- _Your instructions_
Return, exactly as written, the lines of the material from its top through the line with "Splatter | ||", keeping pictures out.

- _Data extract_
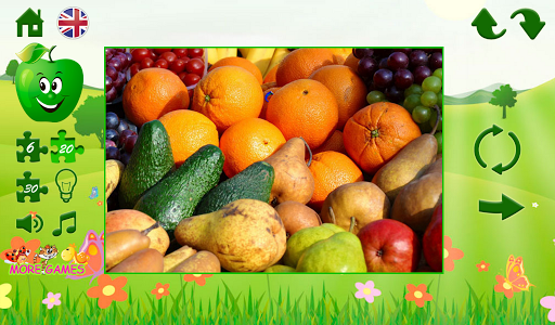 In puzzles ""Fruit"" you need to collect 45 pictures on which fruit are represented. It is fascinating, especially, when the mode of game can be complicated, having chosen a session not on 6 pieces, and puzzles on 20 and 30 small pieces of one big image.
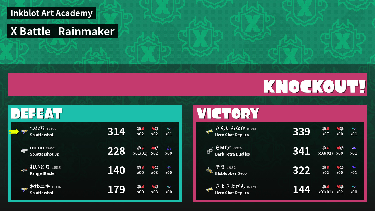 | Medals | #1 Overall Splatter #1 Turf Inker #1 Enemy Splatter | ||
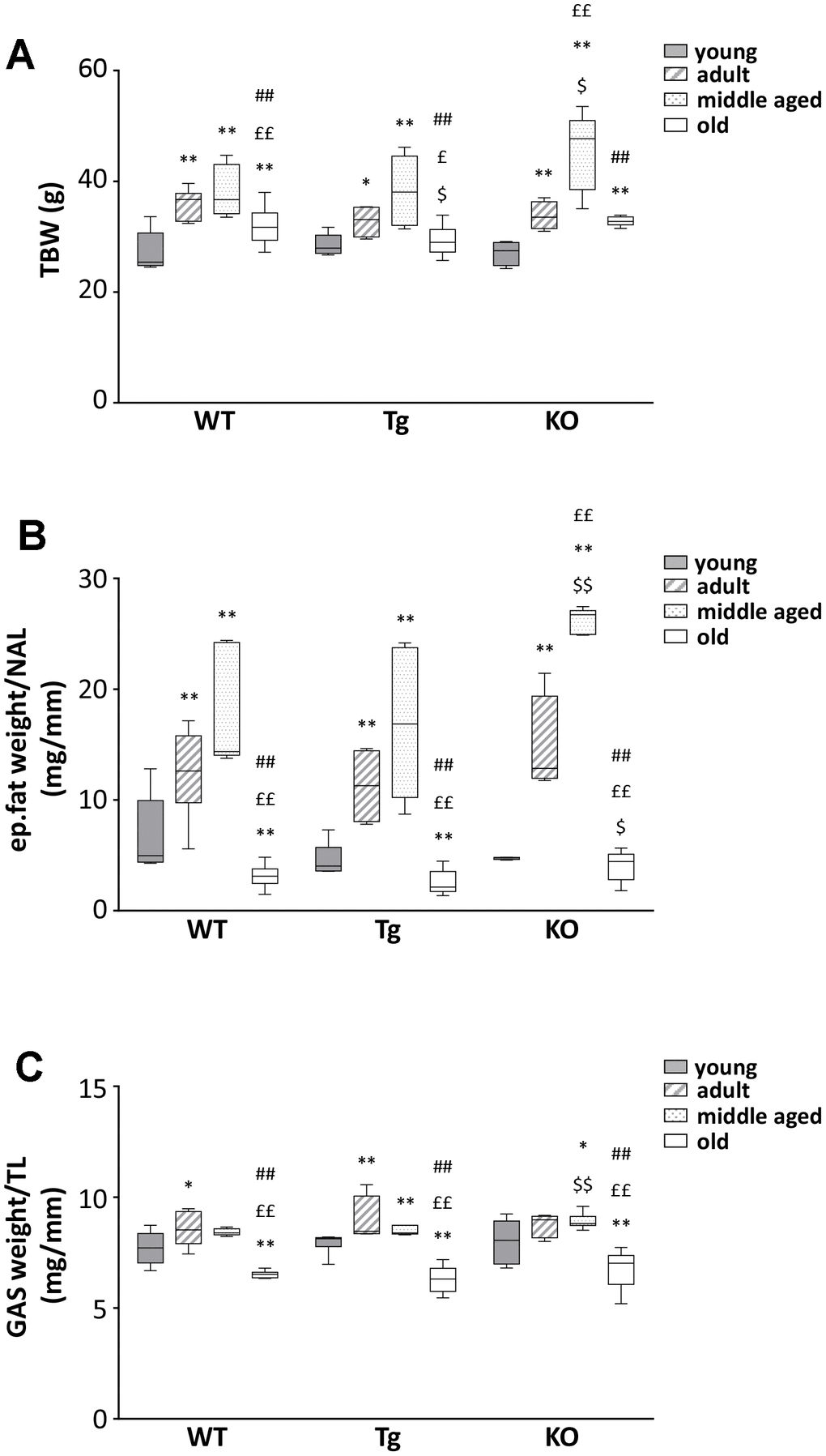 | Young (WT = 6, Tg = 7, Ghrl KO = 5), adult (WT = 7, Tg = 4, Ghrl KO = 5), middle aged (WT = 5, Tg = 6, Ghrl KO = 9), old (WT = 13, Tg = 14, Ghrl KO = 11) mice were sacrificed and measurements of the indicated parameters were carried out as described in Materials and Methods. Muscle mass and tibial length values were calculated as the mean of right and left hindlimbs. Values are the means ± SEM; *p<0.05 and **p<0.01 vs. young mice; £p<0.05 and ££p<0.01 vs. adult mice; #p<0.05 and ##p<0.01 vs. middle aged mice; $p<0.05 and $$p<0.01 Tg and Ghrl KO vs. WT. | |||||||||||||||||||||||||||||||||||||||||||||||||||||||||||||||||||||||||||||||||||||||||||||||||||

- _Result of the task_
 In puzzles ""Fruit"" you need to collect 45 pictures on which fruit are represented. It is fascinating, especially, when the mode of game can be complicated, having chosen a session not on 6 pieces, and puzzles on 20 and 30 small pieces of one big image.
 | Medals | #1 Overall Splatter #1 Turf Inker #1 Enemy Splatter | ||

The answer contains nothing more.